Work item — Don't include any picture when you restate the data word for word.

Data excerpt —

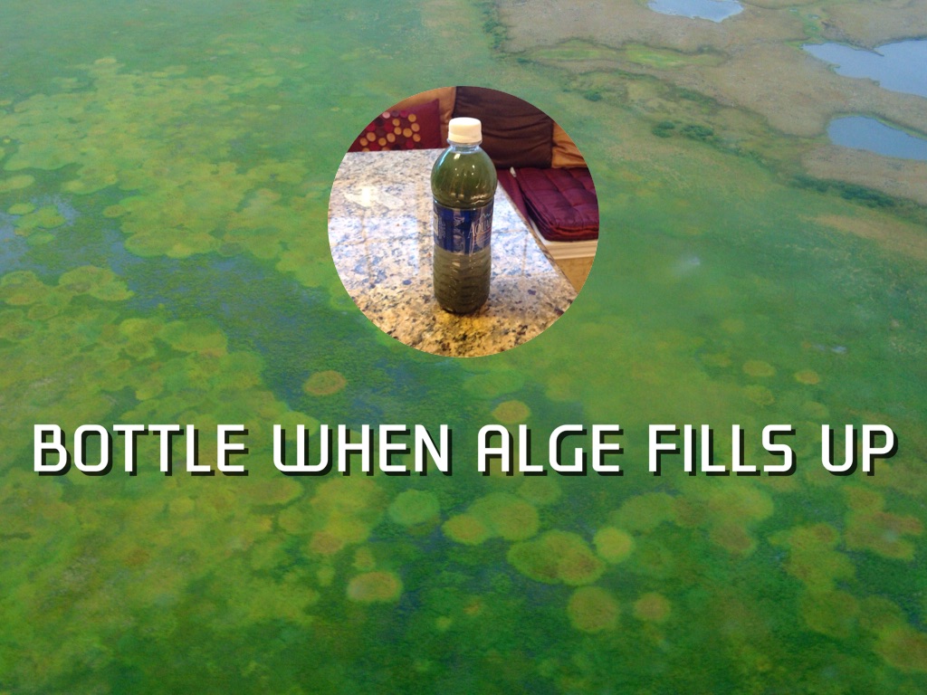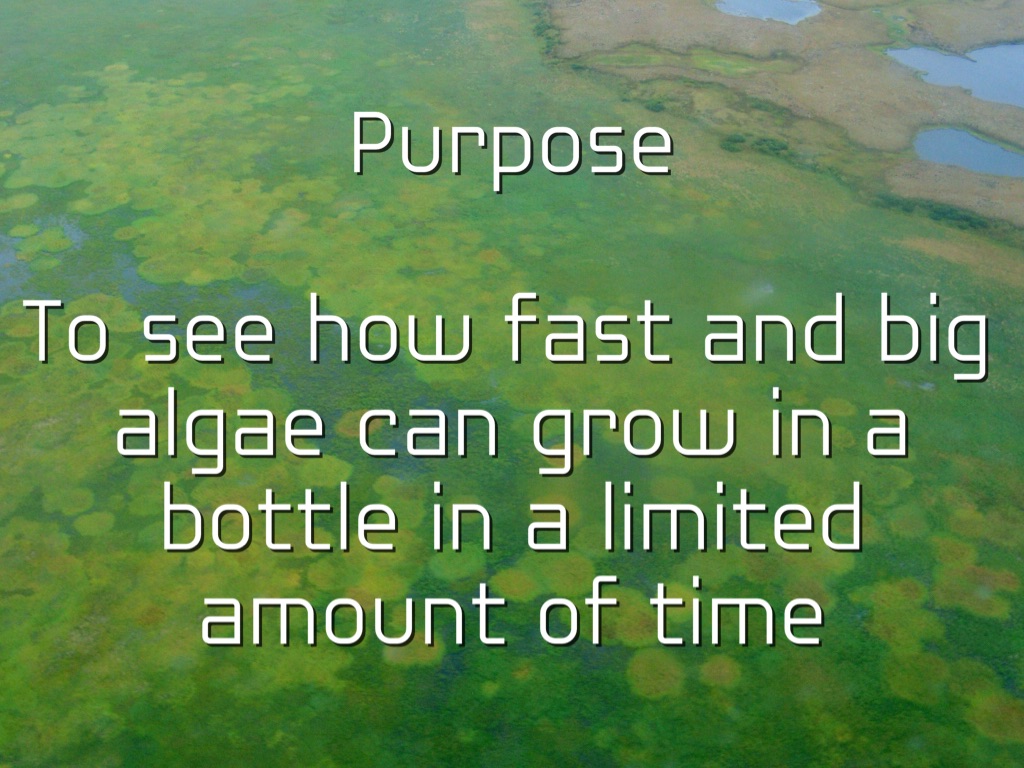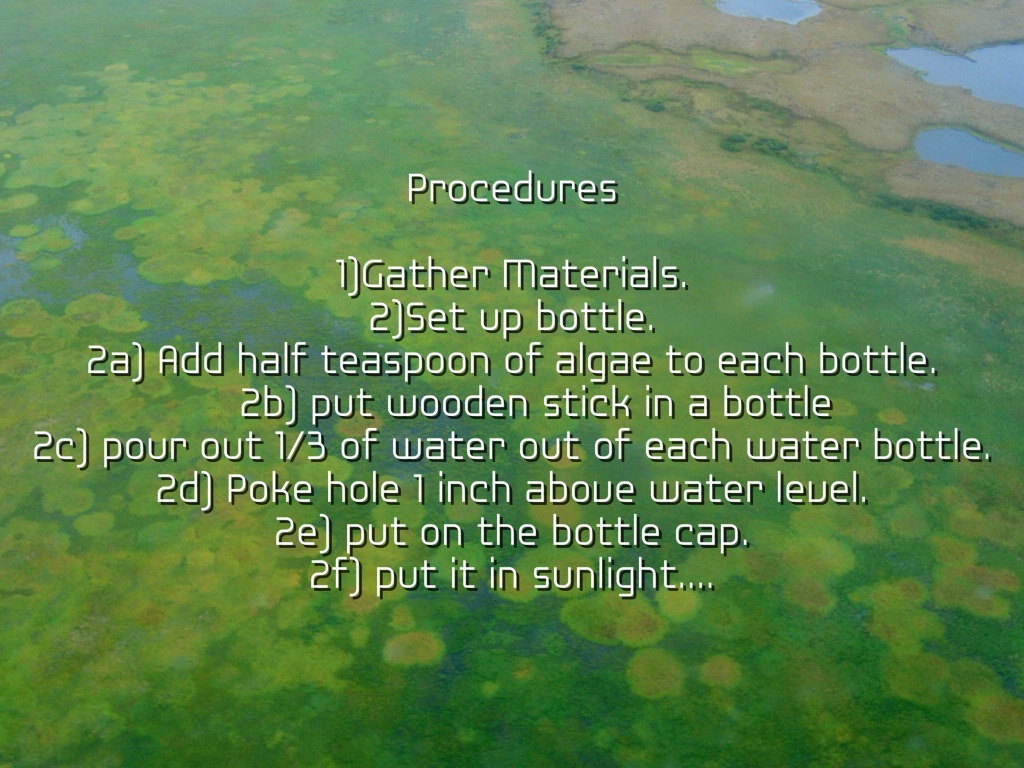 1)Collect Materials. 2)Set up bottle. 2a) Add half teaspoon of algae in the bottle. 2b) put wooden stick in a bottle 2c) pour out 1/3 of water out of the water bottle. 2d) Poke hole 1 inch above water level. 2e) put on the bottle cap. 2f) put it in sunlight. 3)Wait for algae to grow 4) For the bottle measure growth then record data.
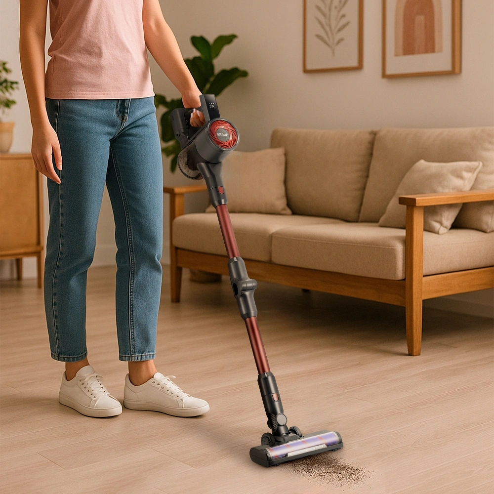 - Особенности пылесосаместо для хранения насадок, настенное крепление, подсветка зоны уборки
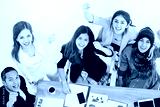 Group of young Asian business colleagues in team casual discussion, startup project business meeting or happy teamwork brainstorm concept.
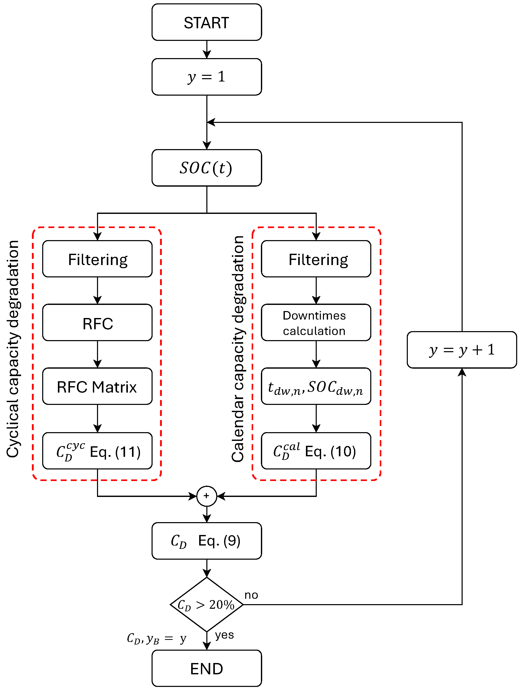 17], in addition to cyclic degradation, propose a model where calendar degradation is treated as a fixed parameter, set at 2% per year, while this approach simplifies the analysis, it overlooks the potential fluctuations in calendar degradation that may arise from operational factors, thus failing to capture its variability over time. In conclusion, generally, BESS lifetime loss is ignored or simplified in several studies concerning the sizing of PV-BESS systems integrated with EV charging hubs. However, since the BESS replacement cost represents a significant expense over the system’s lifetime, it is necessary to establish a precise BESS model that takes into account this loss.

Solution to this problem —
 1)Collect Materials. 2)Set up bottle. 2a) Add half teaspoon of algae in the bottle. 2b) put wooden stick in a bottle 2c) pour out 1/3 of water out of the water bottle. 2d) Poke hole 1 inch above water level. 2e) put on the bottle cap. 2f) put it in sunlight. 3)Wait for algae to grow 4) For the bottle measure growth then record data.
 - Особенности пылесосаместо для хранения насадок, настенное крепление, подсветка зоны уборки
 Group of young Asian business colleagues in team casual discussion, startup project business meeting or happy teamwork brainstorm concept.
 17], in addition to cyclic degradation, propose a model where calendar degradation is treated as a fixed parameter, set at 2% per year, while this approach simplifies the analysis, it overlooks the potential fluctuations in calendar degradation that may arise from operational factors, thus failing to capture its variability over time. In conclusion, generally, BESS lifetime loss is ignored or simplified in several studies concerning the sizing of PV-BESS systems integrated with EV charging hubs. However, since the BESS replacement cost represents a significant expense over the system’s lifetime, it is necessary to establish a precise BESS model that takes into account this loss.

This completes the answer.